Scenario number 2 is very likely a C++ exception happening in the runtime or device, since it does propagate to Python. Only shame is it doesn't say much except vector, but I'm guessing this means a C++ vector failed to instantiate given the size of the request. This is something we could actually catch (in the device, Catalyst is not supposed to know anything about device internals), but it usually only happens with requests that are outrageously large.
yes the first was my main problem as well. I agree that it is unpredictable and very hard to know when during the execution memory runs out, but we should be able to raise a nice error if we predict a memory issue during tracing. In the case of the first example the failure happens within lower_jaxpr_to_fun but seems like the jaxpr has no idea of the limit of f64. Even if I rerun the example with 1500 qubits it prints out 2^1500 in the jaxpr which is beyond the limit of f64:
{ lambda ; . let
a:f64[35074662110434038747627587960280857993524015880330828824075798024790963850563322203657080886584969261653150406795437517399294548941469959754171038918004700847889956485329097264486802711583462946536682184340138629451355458264946342525383619389314960644665052551751442335509249173361130355796109709885580674313954210217657847432626760733004753275317192133674703563372783297041993227052663333668509952000175053355529058880434182538386715523683713208549376] = quantum_kernel[
call_jaxpr={ lambda ; . let
device_init[
auto_qubit_management=False
rtd_kwargs={'mcmc': False, 'num_burnin': 0, 'kernel_name': None}
rtd_lib=/Users/mehrdad.malek/catalyst/venv/lib/python3.12/site-packages/pennylane_lightning/liblightning_qubit_catalyst.dylib
rtd_name=LightningSimulator
] 0
b:AbstractQreg() = qalloc 1500
c:AbstractQbit() = qextract b 999
d:AbstractQbit() = qinst[
adjoint=False
ctrl_len=0
op=PauliX
params_len=0
qubits_len=1
] c
e:AbstractQreg() = qinsert b 999 d
f:AbstractObs(num_qubits=None,qreg=AbstractQreg(),primitive=compbasis) = compbasis[
qreg_available=True
] e
g:f64[35074662110434038747627587960280857993524015880330828824075798024790963850563322203657080886584969261653150406795437517399294548941469959754171038918004700847889956485329097264486802711583462946536682184340138629451355458264946342525383619389314960644665052551751442335509249173361130355796109709885580674313954210217657847432626760733004753275317192133674703563372783297041993227052663333668509952000175053355529058880434182538386715523683713208549376] = probs[
static_shape=(35074662110434038747627587960280857993524015880330828824075798024790963850563322203657080886584969261653150406795437517399294548941469959754171038918004700847889956485329097264486802711583462946536682184340138629451355458264946342525383619389314960644665052551751442335509249173361130355796109709885580674313954210217657847432626760733004753275317192133674703563372783297041993227052663333668509952000175053355529058880434182538386715523683713208549376,)
] f
qdealloc e
device_release
in (g,) }
pipeline=()
qnode=<QNode: device='<lightning.qubit device (wires=1500) at 0x138c83170>', interface='auto', diff_method='best'>
]
in (a,) }
I think this eventually causes the lowering to fail.

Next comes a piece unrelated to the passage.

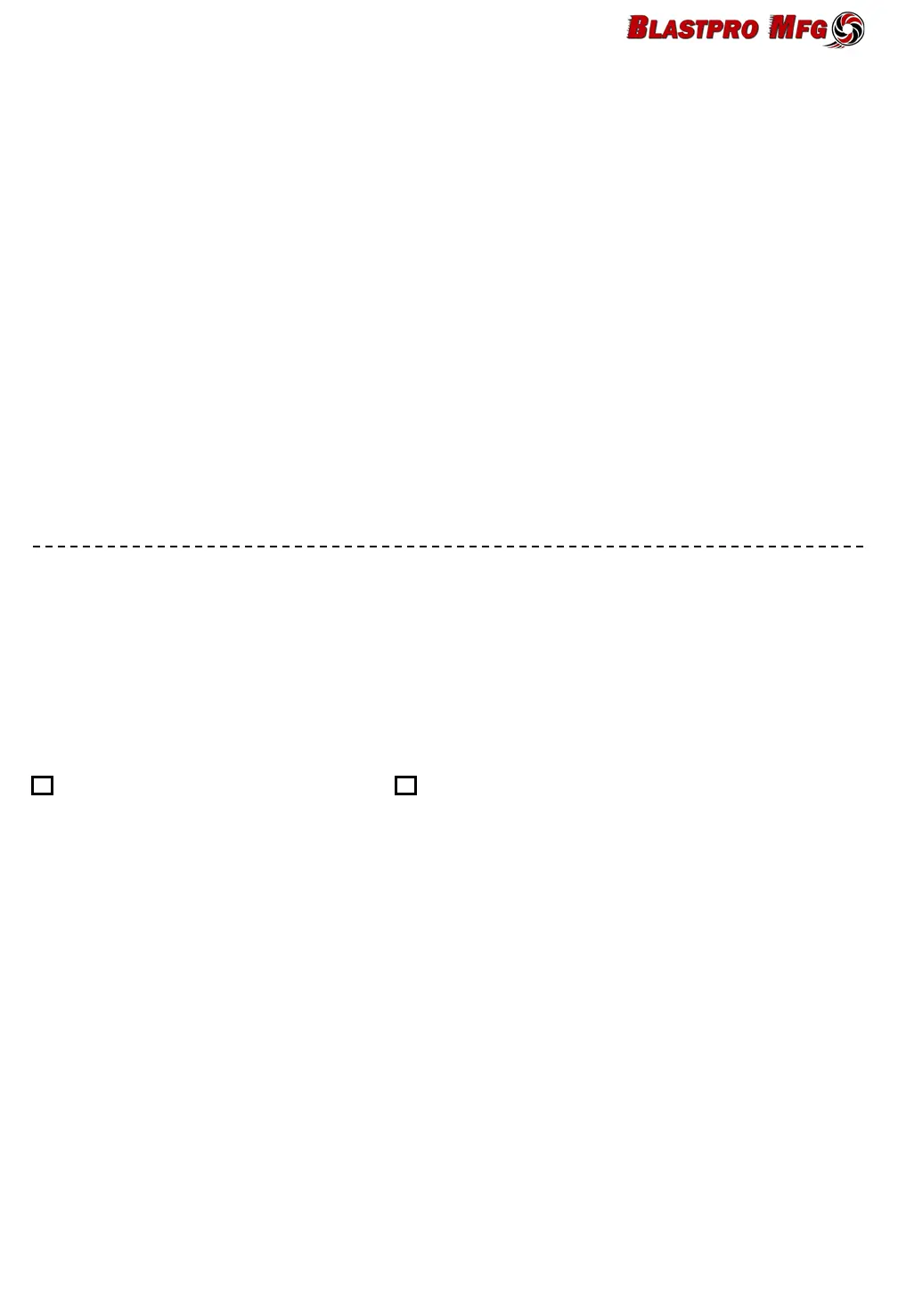 following information & mail it to BlastPro Manufacturing, Inc. 6021 Melrose Lane,

Scenario 3 is the memory killer that is unpredictable, for instance the program might slow down initially as it attempts to use a page file, but ultimately the process just gets killed at some point. This is true for linux, and apparently for mac as well:
Mac OS X lets you allocate "a lot", though the system may flail frantically or be just fine, depending on how that allocated memory is used by any subsequent code. ... OpenBSD, by contrast, fails the malloc if you ask for more than is available.
Seems like a different OS would be required if we want better control of this^^
but we should be able to raise a nice error if we predict a memory issue during tracing
Happy to see some additional checks on our end regarding size in our primitives, but we can't check all type conversions since they mostly happen in JAX.